Tez nie musi umiec spawac
Hmm... bałbym się polegać na (wyłącznie) "mędrca szkiełku i oku"... kto w
żaden sposób poza to nie wyszedł... Już nie proszę o znajomość kowalstwa
artystycznego, bo to rzemioso, ale, żeby nie umieć dwóch prętów zespawać...
to bym spylał od takiego daleko, daleko, daleko... Spylałbym od lekarza,
który nie zna zjawiska osmozy, spylałbym od mechanika samochodowego, nie
znającego podstaw działania silnika i hamulców, itd...
--
ACMM-033-PC-GCI-Warszawa.
Spamerstwu i "pytaczom" wstęp do skrzynki email surowo zabroniony!

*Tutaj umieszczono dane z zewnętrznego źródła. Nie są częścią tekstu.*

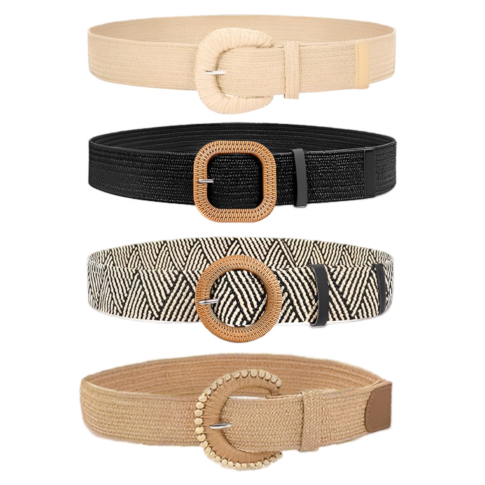 女性用織物ベルト、伸縮性ストローベルト ボーホーベルト 女性用サマーベルト、籐製チャンキーベルト レディース、ジーンズドレス用ウエストレディースベルト、マルチ、ワンサイズ, マルチ,
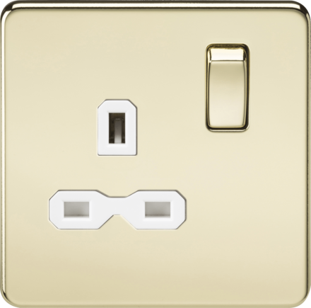 Knightsbridge Screwless SFR7000PBW 13A 1G DP Switched Socket - Polished Brass - White Insert
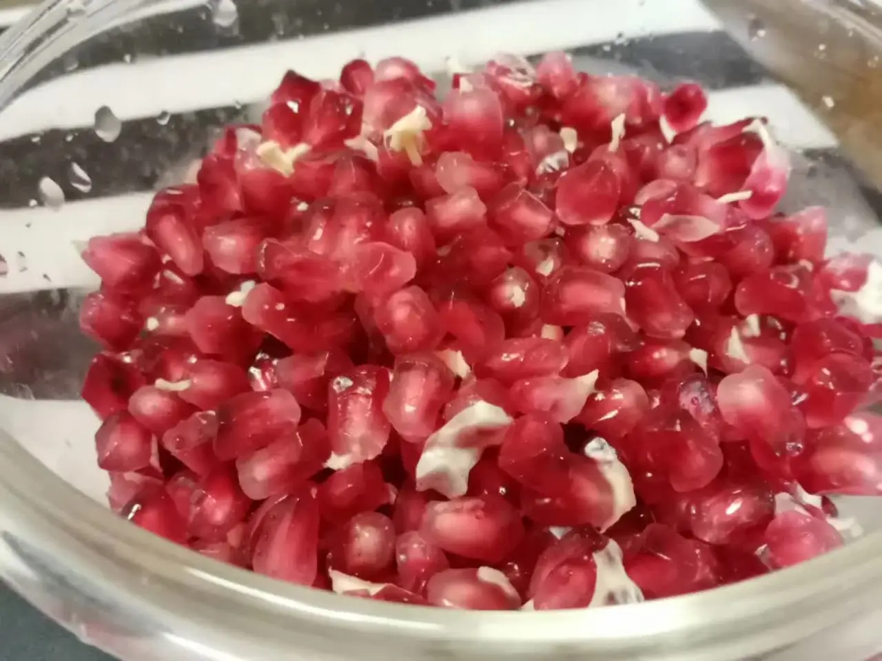 씨를 품은 투명한 구슬 같은 것이 서로 몸을 맞대고 빽빽이 들어서서 함께 자줏빛을 띠는 석류 열매.
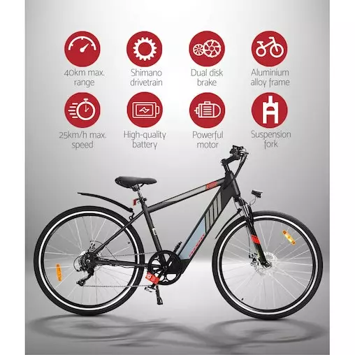 For effortless riding, look no further than our Phoenix Electric Bike. With its 10Ah lithium-ion battery, this astounding electric bike can really go places with as far as 40km on a single charge. The ever-dependable 250W brushless motor can deliver a maximum street-legal speed of up to 25km/h for every cycling activity. Built to last, the bicycle features an aluminium alloy frame that is lightweight and yet strong and sturdy. Better still, the electric bicycle is also loaded with a host of useful features that makes riding it a pleasure. Such as the high-quality Shimano 6-speed shifter mated to large 27? tyres for smoother cruising, thick cushioned seat for extra comfort, front and rear disc brakes for more effective braking and not least, front fork suspension that makes going over rough terrain a less jaw-juggling prospect. At the back, a strong bag rack ensures firm storage while an LED headlight makes night riding as clear as day. With the Phoenix electric bike, getting there is so much more enjoyable with every destination.
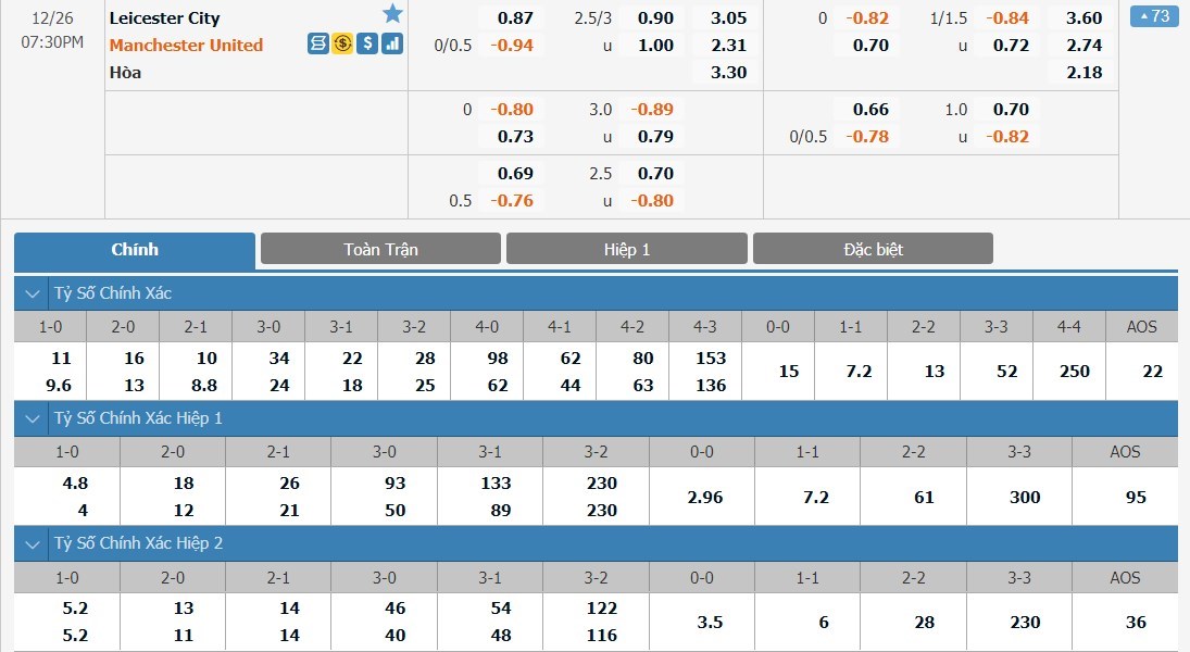 Ở kèo đấu này, Man United được đánh giá cao hơn đôi chút so với Leicester City. Man United có tỷ lệ cược là 1 ăn 2.31 trong khi Leicester có tỷ lệ cược là 1 ăn 3.05. Tỷ số hòa có tỷ lệ cược là 1 ăn 3.30. Leicester là cái tên rất khó chịu ở mùa giải năm nay và họ cũng đang có phong độ cao. Man United sẽ không dễ để có được 3 điểm ở trận này và tỷ số hòa sẽ là lựa chọn hợp lý.
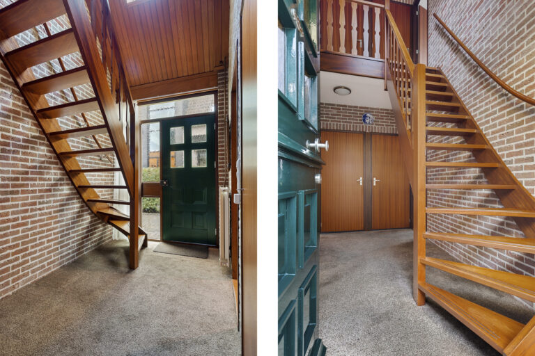 Via de entree aan de voorzijde van de woning stap je binnen in de hal, waar je direct merkt dat de indeling praktisch en overzichtelijk is. Vanuit hier heb je toegang tot vrijwel alle ruimtes op de begane grond. In de hal is ruimte voor een garderobe en vind je het toilet, de badkamer, de trapopgang naar de verdieping en de doorgang naar de woonkamer.
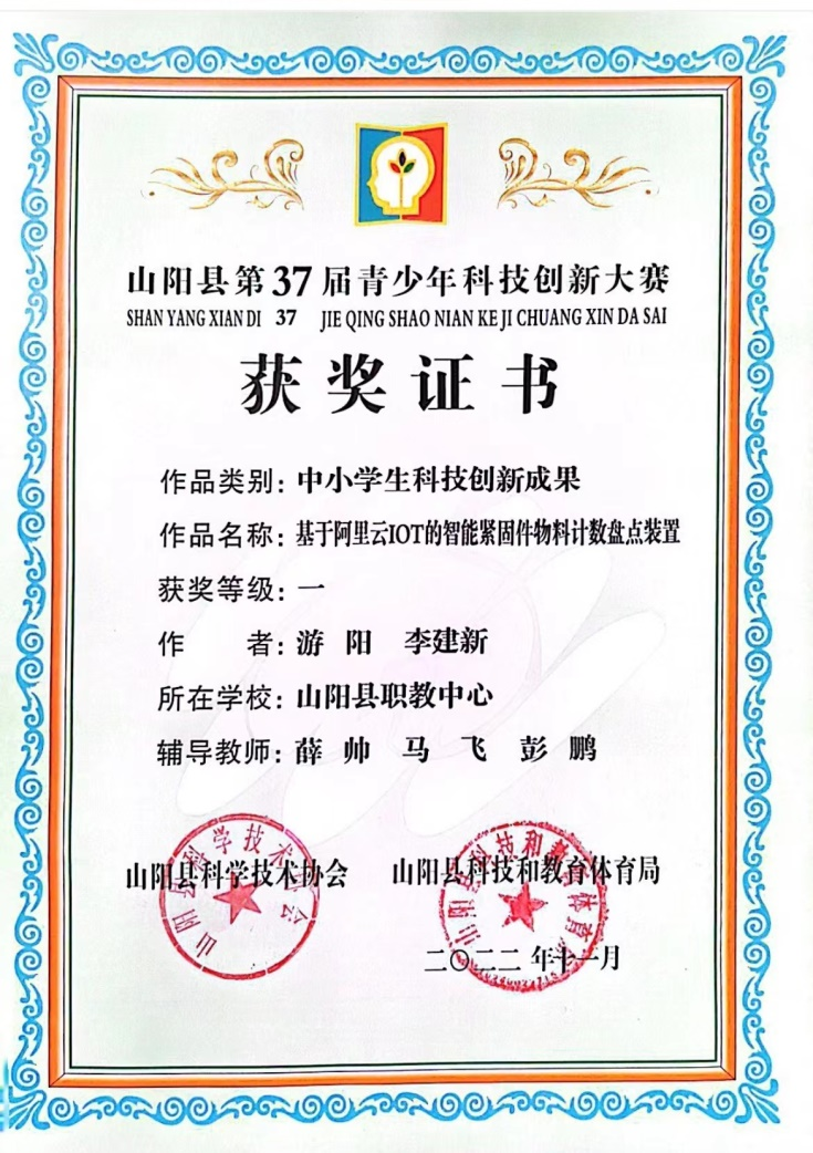 帮扶团队教师与其帮扶对象彭鹏老师,针对机械紧固件存储数量计数问题,共同指导学生设计制作《基于阿里云IOT智能紧固件物料计数盘点装置》,参加第37届中小学科技创新比赛,获山阳县一等奖,报送商洛市市赛。
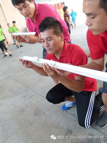 第三項比賽是最有挑戰(zhàn)性的項目——運球。規(guī)則是:1、每組人員5人為1小組,分成三小組,ABCD組同時進行,分三回合同時進行比賽。四組同時進行,每個組員手上有一條PV管。2、由第一個開始運,在5分鐘內成功的將球掉入指定的桶里面就算結束,根據(jù)四組最快為第一名,以此類推,要求球不要掉下來,也不可以倒退,如果掉下來或者是倒退的話就要重頭開始,把PV管反過來兩個人為一根管來運,規(guī)則與第一條一致。3、第一名5分,第二名加3分,第三名加2分,第四名加1分;如果5分鐘內沒有完成的小組,均不加分。

To, że adres ten jest publiczny i nieodspamiony, nie oznacza, że wolno
wam tu załatwiać się, do tego jest klop, tylko go z szafą nie pomylcie!
J.F.
Guest
Sat Nov 09, 2013 6:56 pm
Dnia Sat, 9 Nov 2013 18:40:35 +0100, ACMM-033 napisał(a):
Quote:
Użytkownik "A.L." <alewando@aol.com> napisał w wiadomości
Jest jeszcze inzynier spawalnictwa.
Tez nie musi umiec spawac
Hmm... bałbym się polegać na (wyłącznie) "mędrca szkiełku i oku"... kto w
żaden sposób poza to nie wyszedł... Już nie proszę o znajomość kowalstwa
artystycznego, bo to rzemioso, ale, żeby nie umieć dwóch prętów zespawać...
to bym spylał od takiego daleko, daleko, daleko...
Ale on nie jest od spawania dwoch pretow.
On moze byc od dobierania parametrow spawania. Od zakupu spawarek, od
sprawdzania elektrod. Od programowania robotow.
A nawet od uczenia spawania, mimo ze np jakas choroba powoduje ze rece
mu sie trzesa.
Quote:
Spylałbym od lekarza, który nie zna zjawiska osmozy,
No to chyba wiekszosc nie zna.
Quote:
spylałbym od mechanika samochodowego, nie
znającego podstaw działania silnika i hamulców, itd...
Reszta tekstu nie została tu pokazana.